::: RECORDS FOR PROCESSING :::

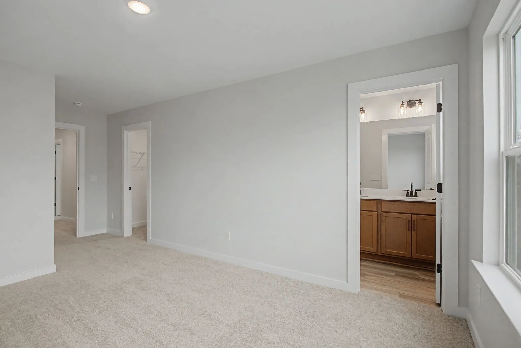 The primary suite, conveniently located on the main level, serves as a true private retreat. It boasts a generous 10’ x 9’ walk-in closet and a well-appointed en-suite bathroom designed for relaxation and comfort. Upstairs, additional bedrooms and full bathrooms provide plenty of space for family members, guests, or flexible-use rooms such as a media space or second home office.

:::
::: RECORDS FOR PROCESSING :::

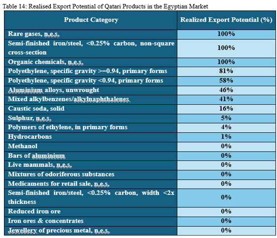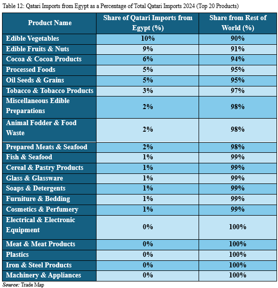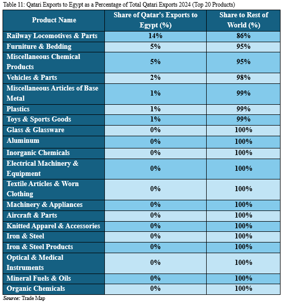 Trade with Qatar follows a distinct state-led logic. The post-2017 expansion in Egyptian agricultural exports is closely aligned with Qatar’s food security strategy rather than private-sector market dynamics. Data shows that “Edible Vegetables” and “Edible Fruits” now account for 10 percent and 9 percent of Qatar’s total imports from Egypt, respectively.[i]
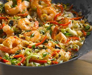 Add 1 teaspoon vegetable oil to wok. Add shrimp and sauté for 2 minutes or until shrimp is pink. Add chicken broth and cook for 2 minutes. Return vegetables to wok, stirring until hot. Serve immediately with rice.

:::
::: RECORDS FOR PROCESSING :::

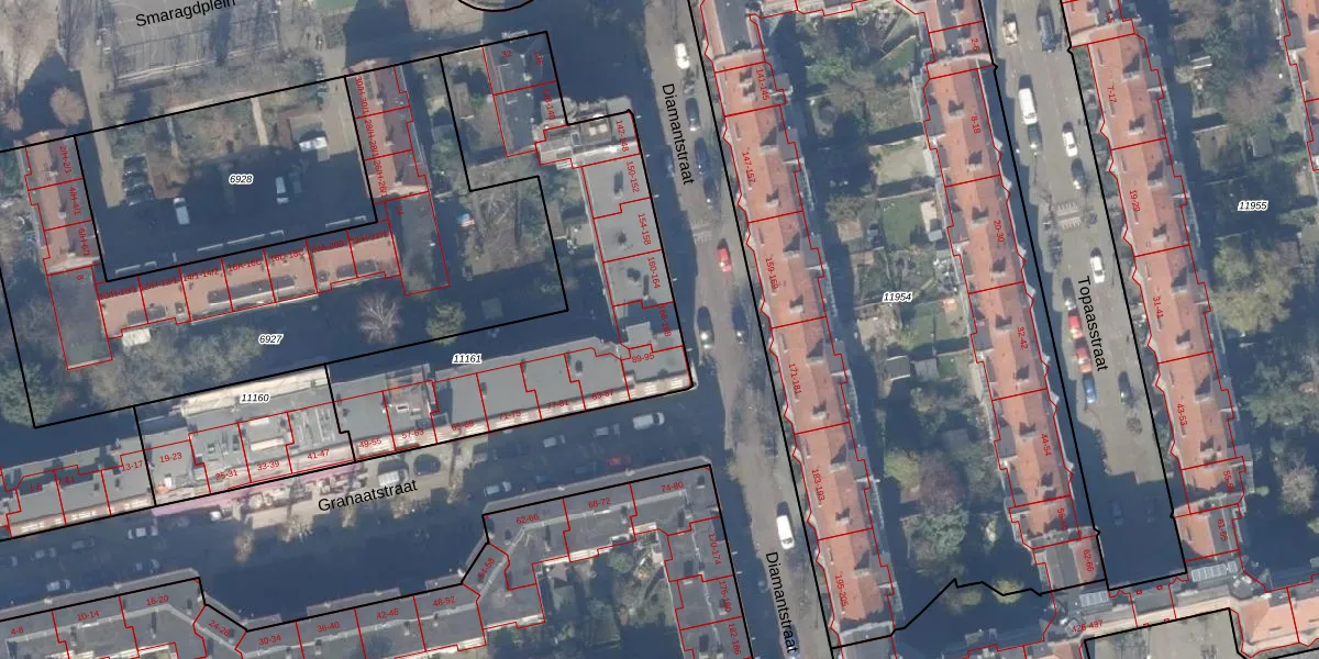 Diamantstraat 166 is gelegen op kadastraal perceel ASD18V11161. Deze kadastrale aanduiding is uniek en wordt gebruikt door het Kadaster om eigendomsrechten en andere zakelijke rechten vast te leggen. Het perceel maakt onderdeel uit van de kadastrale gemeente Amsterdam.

:::

Extract from the material above the stretch running from the line containing "Trade with Qatar" through the line containing "Add 1 teaspoon". Keep the text exact and the pictures out.

 Trade with Qatar follows a distinct state-led logic. The post-2017 expansion in Egyptian agricultural exports is closely aligned with Qatar’s food security strategy rather than private-sector market dynamics. Data shows that “Edible Vegetables” and “Edible Fruits” now account for 10 percent and 9 percent of Qatar’s total imports from Egypt, respectively.[i]
 Add 1 teaspoon vegetable oil to wok. Add shrimp and sauté for 2 minutes or until shrimp is pink. Add chicken broth and cook for 2 minutes. Return vegetables to wok, stirring until hot. Serve immediately with rice.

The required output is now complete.